“Daresay, took you long enough to puzzle it out. Been waiting here so long I’ve memorized the names of all the crayfish, and I think I might be waterlogged.”
“I don’t want to see any more,” I say, and it laughs at me. Or maybe it doesn’t laugh at me, but it laughs. It’s a small laugh, very small, and the sound makes me think of burning paper.
“Best be minding your P’s and Q’s, Missy. Come too far to go lily-livered on us now, don’t you reckon?”
And I hear a clattering noise that I know is the crouched thing fitting the skeleton key into the keyhole in the granite wall. And I’m thinking how all this is wrong, that I should be at the keyhole, that the women should be with me, when the granite wall swings open wide, and the barnacles scream, and . . .
Excerpt from Darkening Horizons: The American Supernatural Novel During the 1980s by Gerald Hopkins (Austin: University of Texas Press, 1993):
. . . and, regrettably, the unjustly celebrated “Evil God, Out of Words” (Twilight Zone magazine #8, November 1981) isn’t much better than Chalmers’s earlier attempts to update the weird tale. Like Klein’s The Ceremonies, this story adopts the basic framework and themes of Arthur Machen’s “The White People”—a loss of innocence and the corruption of the untainted by way of induction into a secret witch cult—but does so far less effectively than Klein’s revisiting of Machen’s premise. And, to make matters worse, somehow, Chalmers has managed to write a story of only some eight thousand or so words that seems to go on forever, heedless of its size, not unlike the cursed real estate of Joseph Payne Brennan’s “Canavan’s Backyard.”

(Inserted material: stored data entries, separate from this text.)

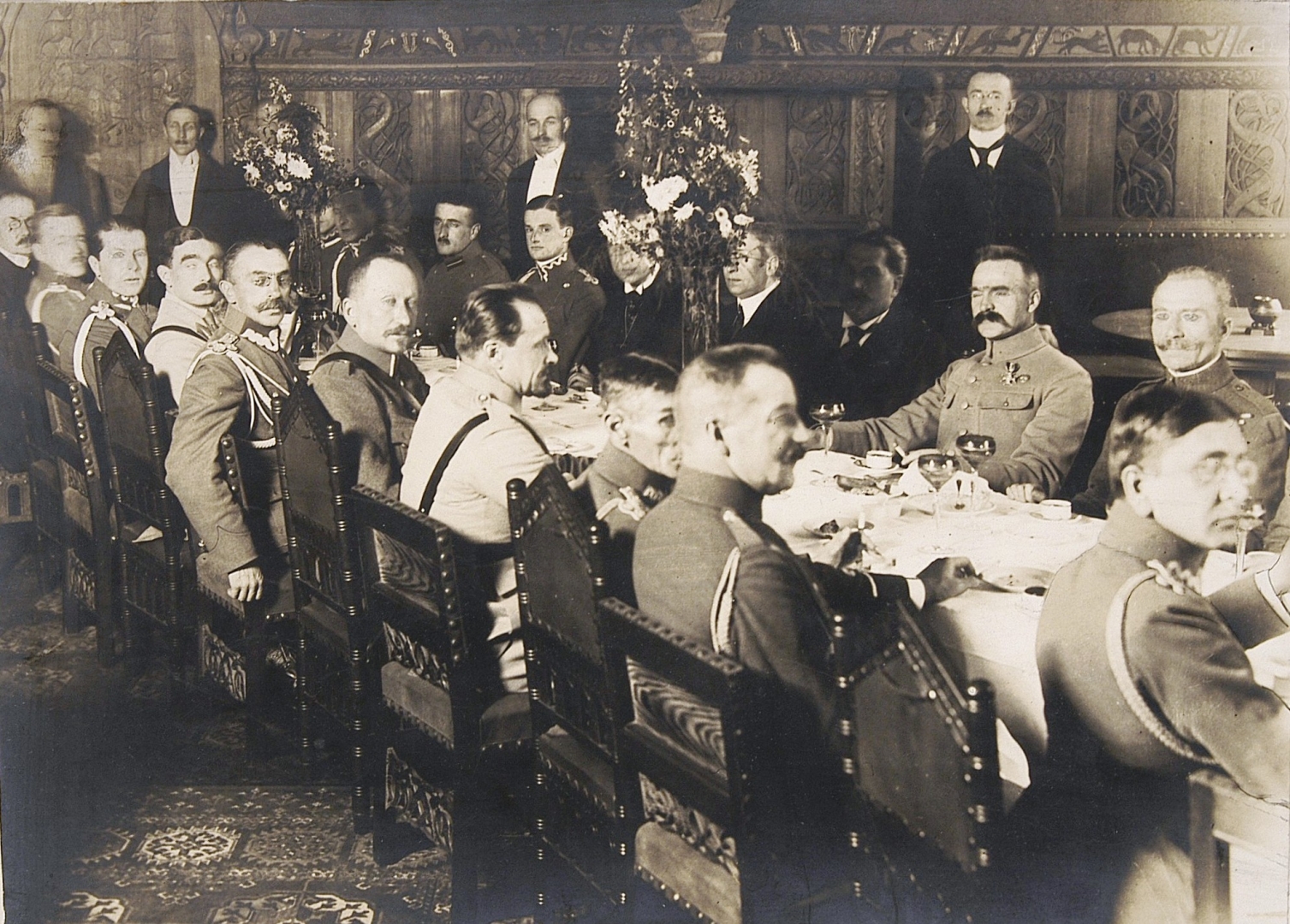 Zdjęcie przedstawia uroczysty obiad podczas wizyty Naczelnika w Zamku Cesarskim w Poznaniu. Po lewej stronie Piłsudskiego siedzi szef francuskiej Misji Wojskowej w Polsce gen. Paul Henrys, po prawej minister b. dzielnicy pruskiej Władysław Seyda, a naprzeciw siedzą generałowie: Jan Wroczyński, Zygmunt Zieliński, Józef Haller, Józef Dowbór Muśnicki, Józef Leśniewski.
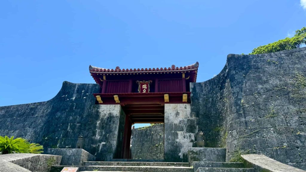 守礼門 (しゅれいもん)→ 歓会門(かんかいもん) → 瑞泉門 (ずいせんもん)→ 漏刻門(ろうこくもん) → 広福門(こうふくもん) → 奉神門 (ほうしんもん)→ 正殿と続きます。
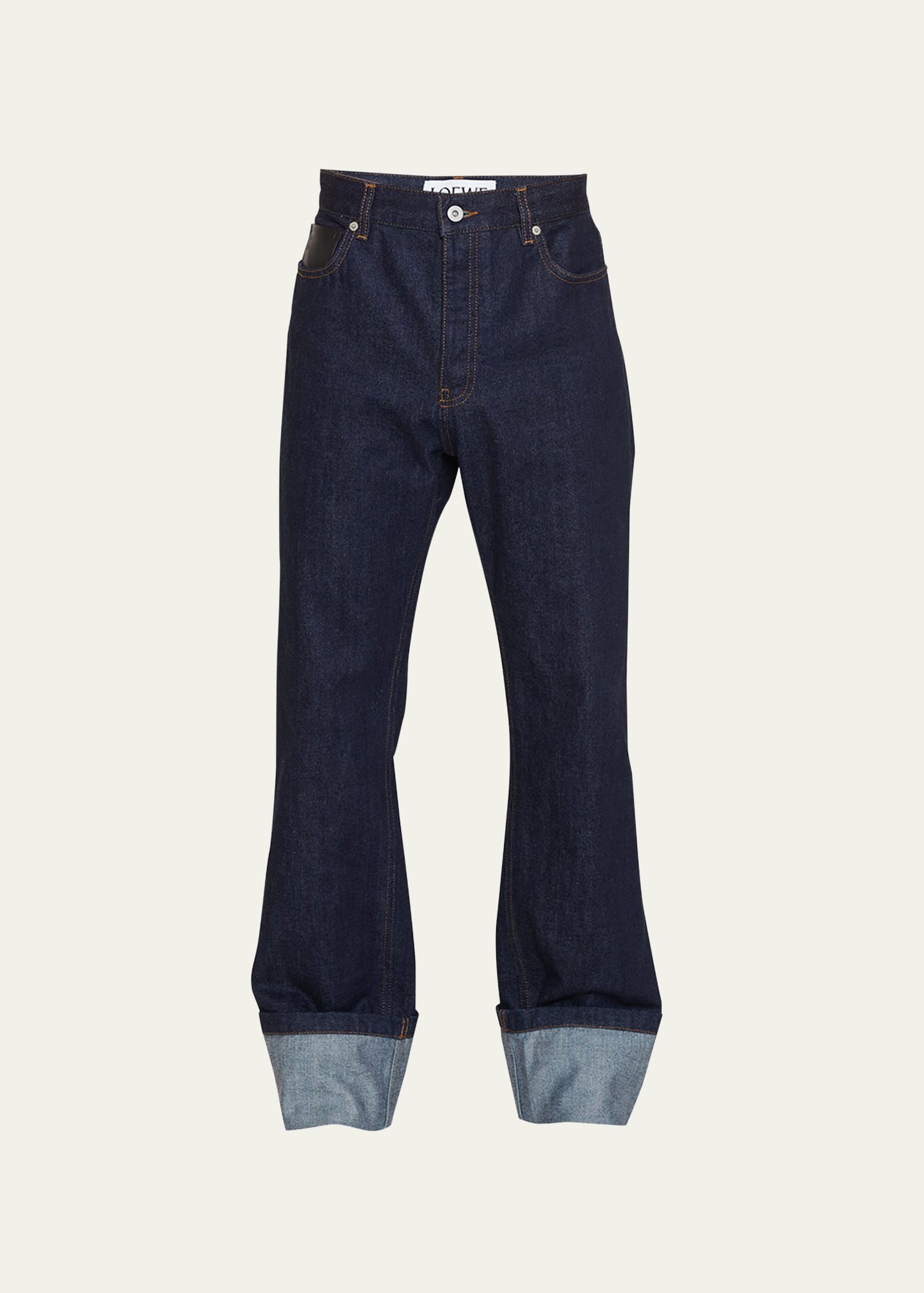 Loewe "Fisherman" jeans with exaggerated turn-up hems Regular rise Five pocket style with leather detail Full length Straight legs Button closure/zip fly; belt loops Cotton/calf leather Made in Italy

The genesis of “Evil God, Out of Words” proves a good deal more intriguing than the story itself:
The entire plot coalesced indirectly around a single childhood memory, something I saw when I was ten years old. This would have been 1946 or ’47. My mother and I accompanied my father on a business trip to Paris. We rarely took proper vacations, and I think he was trying to make up for that. Anyway, we saw the usual sights one sees in Paris, but we also visited a natural history museum, which delighted me far more than all the Eiffel Towers and Arcs de Triomphe combined. There was an enormous Victorian gallery filled with dinosaur skeletons! For a ten-year-old boy, how could the Louvre ever possibly hope to compete with Diplodocus, Allosaurus, and Iguanodon? Of course, though, none of these served as the story’s inspiration. But there was also a small glass case containing a sort of mummified hand, and the hand was gripping an old-fashioned key. I believe it was an Egyptian artifact of some sort, and it seemed entirely out of place there among the dinosaurs and mastodons. Perhaps this is why I recall it so clearly. The fingers had hooked nails or talons, and it reminded me immediately of W. W. Jacobs’s “The Monkey’s Paw,” which I’d read by then, naturally. The odd thing is, decades later, I wrote the museum to inquire about the hand, wishing to compare my memories with the reality of what I’d seen. I received a somewhat terse response to the effect that there had never been any such artifact displayed at the museum. Now, I knew better. I’d seen it with my own eyes, hadn’t I? I wrote a second time, and they didn’t even bother to answer me. But what’s important here is that it set me on the path leading to “Evil God, Out of Words.”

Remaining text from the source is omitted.